=== Section Start ===

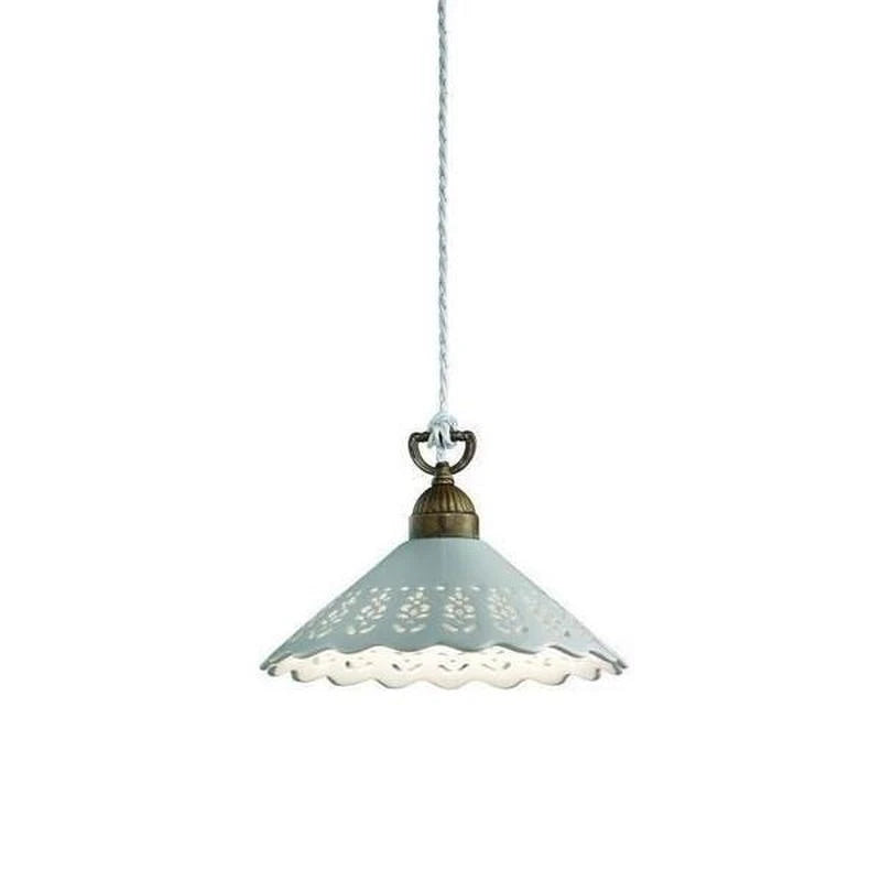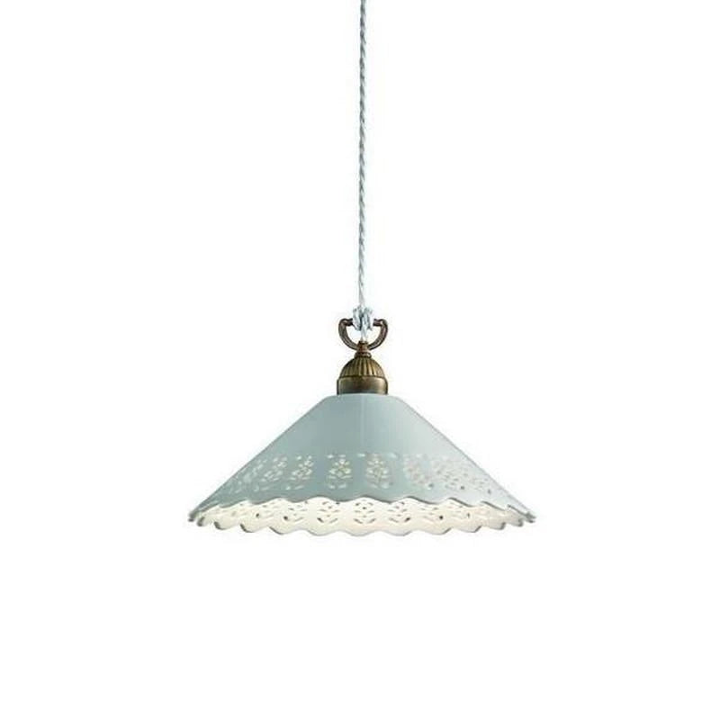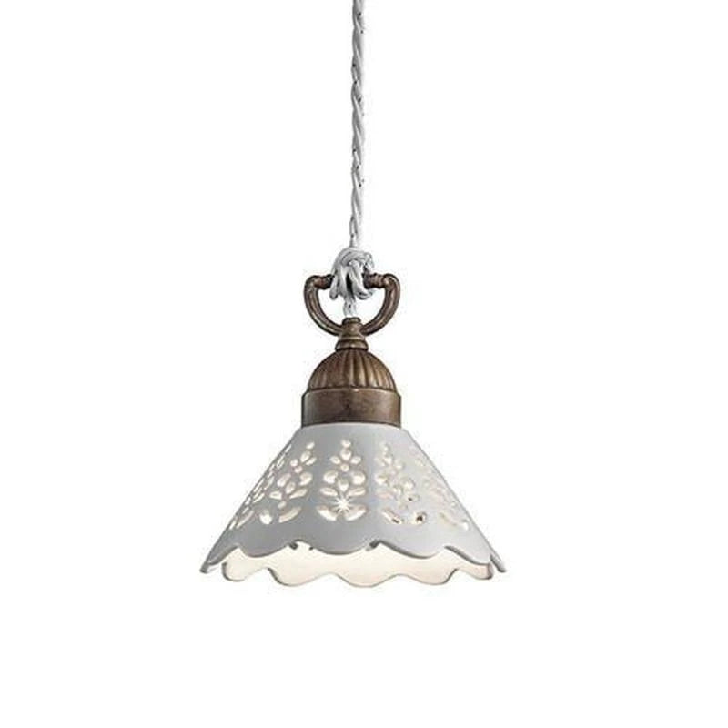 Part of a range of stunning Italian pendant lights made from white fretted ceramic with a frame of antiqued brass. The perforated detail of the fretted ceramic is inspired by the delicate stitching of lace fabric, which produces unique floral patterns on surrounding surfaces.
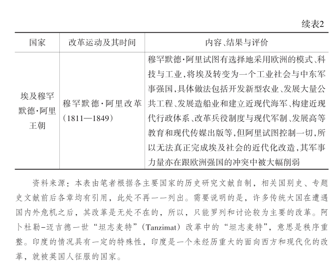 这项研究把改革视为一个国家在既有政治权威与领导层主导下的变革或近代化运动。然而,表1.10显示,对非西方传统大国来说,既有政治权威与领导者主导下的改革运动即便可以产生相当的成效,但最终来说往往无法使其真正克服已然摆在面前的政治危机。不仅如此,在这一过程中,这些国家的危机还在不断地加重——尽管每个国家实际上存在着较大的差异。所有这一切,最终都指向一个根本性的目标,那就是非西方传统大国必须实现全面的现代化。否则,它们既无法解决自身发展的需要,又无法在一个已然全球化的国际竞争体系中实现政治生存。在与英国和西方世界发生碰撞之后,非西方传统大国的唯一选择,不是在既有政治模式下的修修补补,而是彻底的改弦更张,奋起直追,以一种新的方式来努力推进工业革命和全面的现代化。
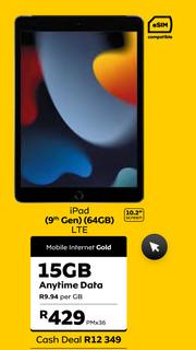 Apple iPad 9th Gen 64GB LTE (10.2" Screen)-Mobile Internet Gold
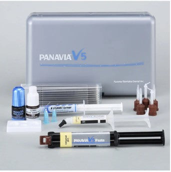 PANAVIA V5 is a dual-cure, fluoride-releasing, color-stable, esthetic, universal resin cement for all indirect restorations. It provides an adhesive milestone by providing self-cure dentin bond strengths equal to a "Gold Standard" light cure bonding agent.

=== Section End ===

• _PROBLEM REQUIREMENTS_: Would you set down each line of the listing above exactly, apart from the pictures?

• _OUTPUT FOR THIS TASK_:
 Part of a range of stunning Italian pendant lights made from white fretted ceramic with a frame of antiqued brass. The perforated detail of the fretted ceramic is inspired by the delicate stitching of lace fabric, which produces unique floral patterns on surrounding surfaces.
 这项研究把改革视为一个国家在既有政治权威与领导层主导下的变革或近代化运动。然而,表1.10显示,对非西方传统大国来说,既有政治权威与领导者主导下的改革运动即便可以产生相当的成效,但最终来说往往无法使其真正克服已然摆在面前的政治危机。不仅如此,在这一过程中,这些国家的危机还在不断地加重——尽管每个国家实际上存在着较大的差异。所有这一切,最终都指向一个根本性的目标,那就是非西方传统大国必须实现全面的现代化。否则,它们既无法解决自身发展的需要,又无法在一个已然全球化的国际竞争体系中实现政治生存。在与英国和西方世界发生碰撞之后,非西方传统大国的唯一选择,不是在既有政治模式下的修修补补,而是彻底的改弦更张,奋起直追,以一种新的方式来努力推进工业革命和全面的现代化。
 Apple iPad 9th Gen 64GB LTE (10.2" Screen)-Mobile Internet Gold
 PANAVIA V5 is a dual-cure, fluoride-releasing, color-stable, esthetic, universal resin cement for all indirect restorations. It provides an adhesive milestone by providing self-cure dentin bond strengths equal to a "Gold Standard" light cure bonding agent.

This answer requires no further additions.